**DATASET CONTENT**
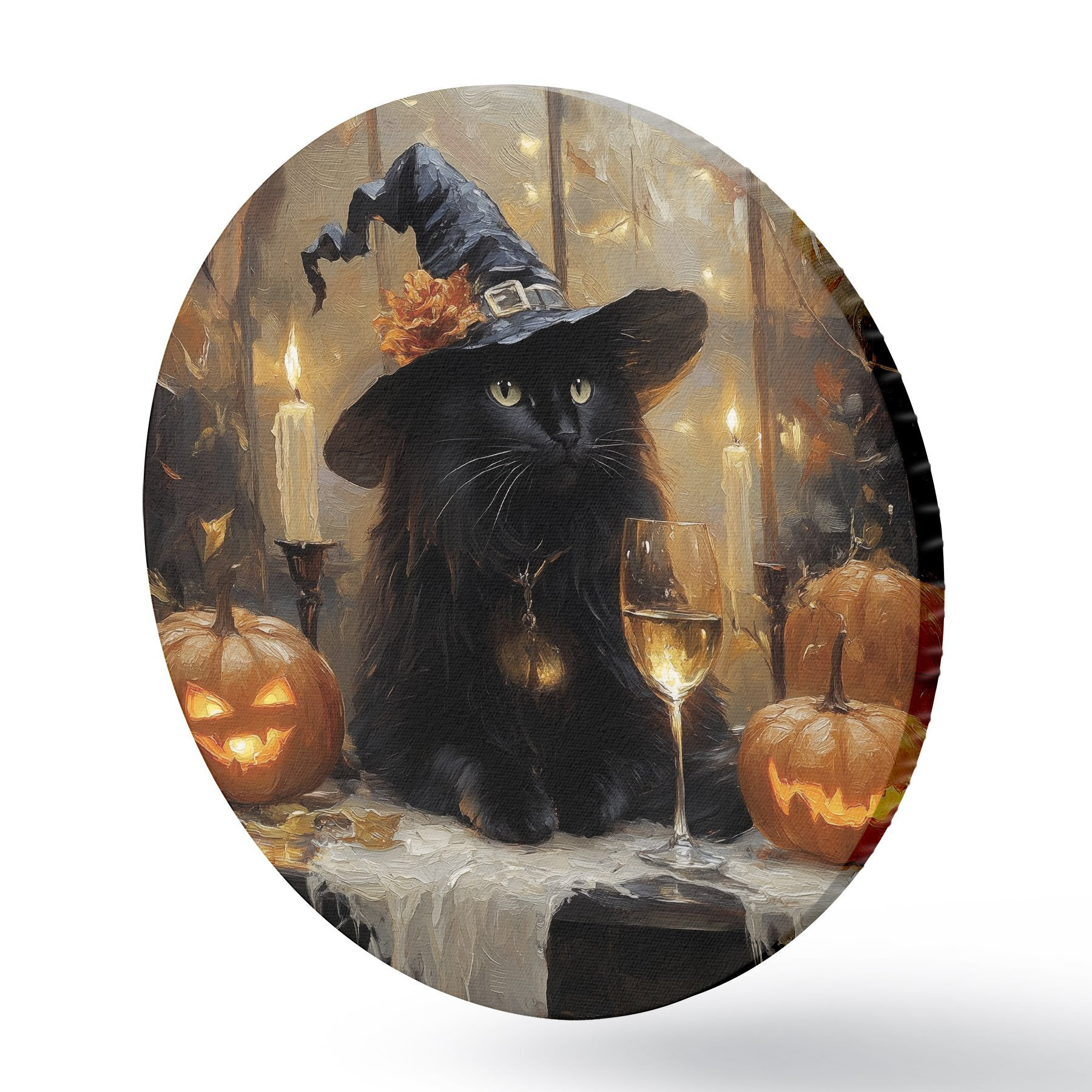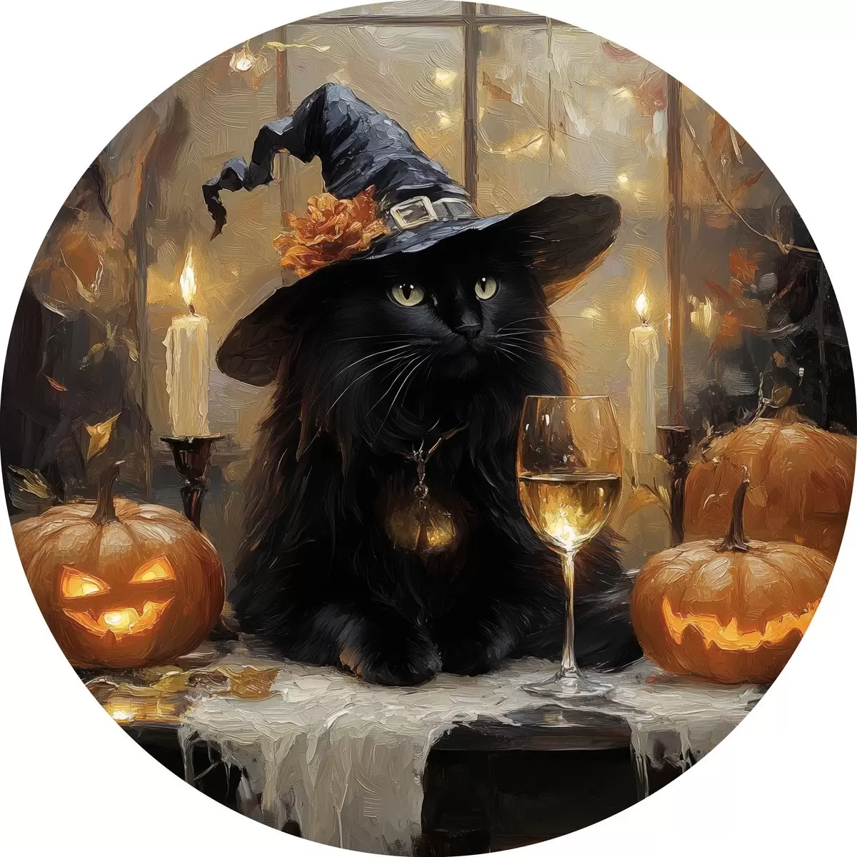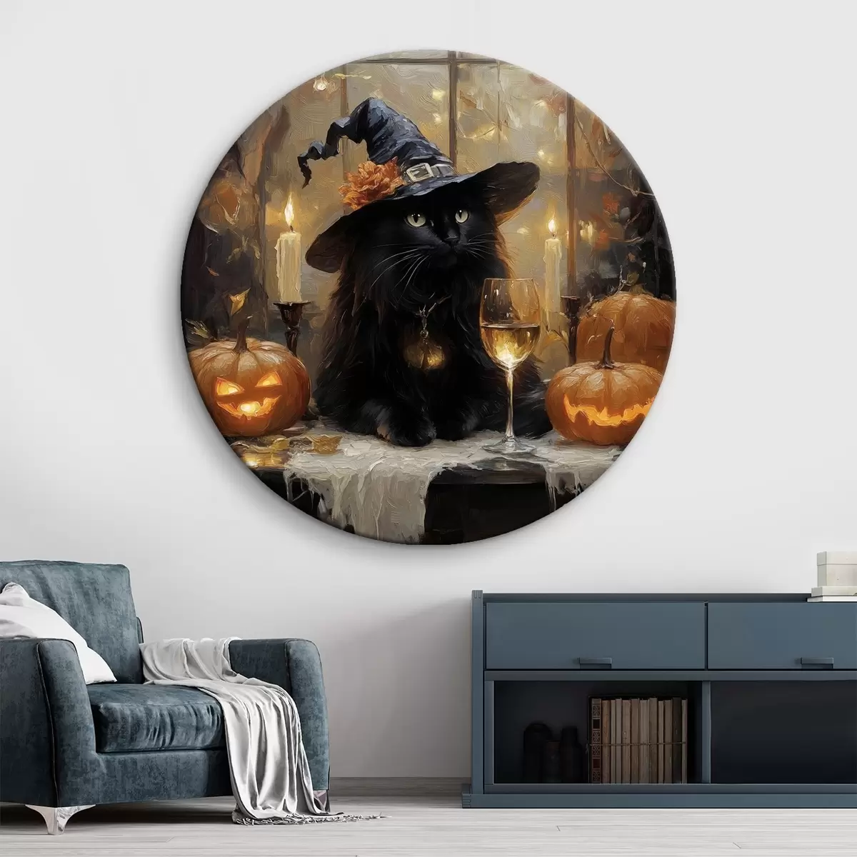 Runde Gemälde Schwarze Katze mit Kürbissen r41349
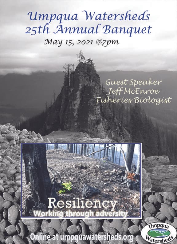 Presentations from our committee chairs, the president, awards, and a virtual keynote speaker, Jeff McEnroe, fisheries biologist for Roseburg Bureau of Land Management speaking on the Archie Creek Fire restoration.
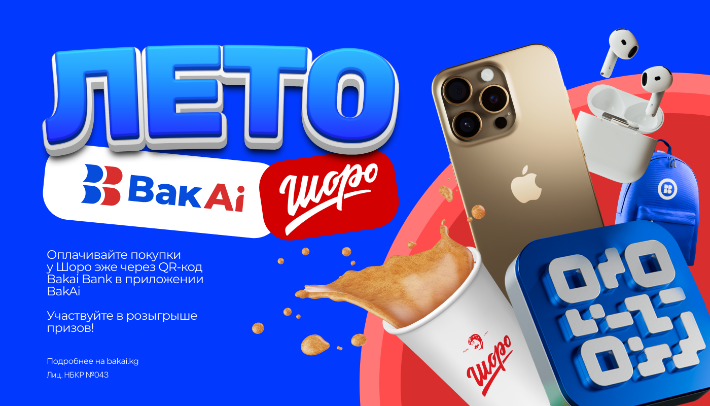 From July 1 to September 30, 2025, Bakai Bank invites you to take part in our summer campaign “Summer with BakAi & Shoro” — bright and rewarding. During the promotion, participants have the chance to win fantastic prizes — iPhone 16 Pro devices, AirPods, and exclusive Bakai Bank merchandise. To enter, simply buy your favorite Shoro drink and pay via the BakAi mobile app by scanning the Bakai Bank QR code at Shoro retail points.

**YOUR ASSIGNMENT**
Copy every line of the data exactly as written, excluding the pictures.

**RESULT OF THIS TASK**
 Runde Gemälde Schwarze Katze mit Kürbissen r41349
 Presentations from our committee chairs, the president, awards, and a virtual keynote speaker, Jeff McEnroe, fisheries biologist for Roseburg Bureau of Land Management speaking on the Archie Creek Fire restoration.
 From July 1 to September 30, 2025, Bakai Bank invites you to take part in our summer campaign “Summer with BakAi & Shoro” — bright and rewarding. During the promotion, participants have the chance to win fantastic prizes — iPhone 16 Pro devices, AirPods, and exclusive Bakai Bank merchandise. To enter, simply buy your favorite Shoro drink and pay via the BakAi mobile app by scanning the Bakai Bank QR code at Shoro retail points.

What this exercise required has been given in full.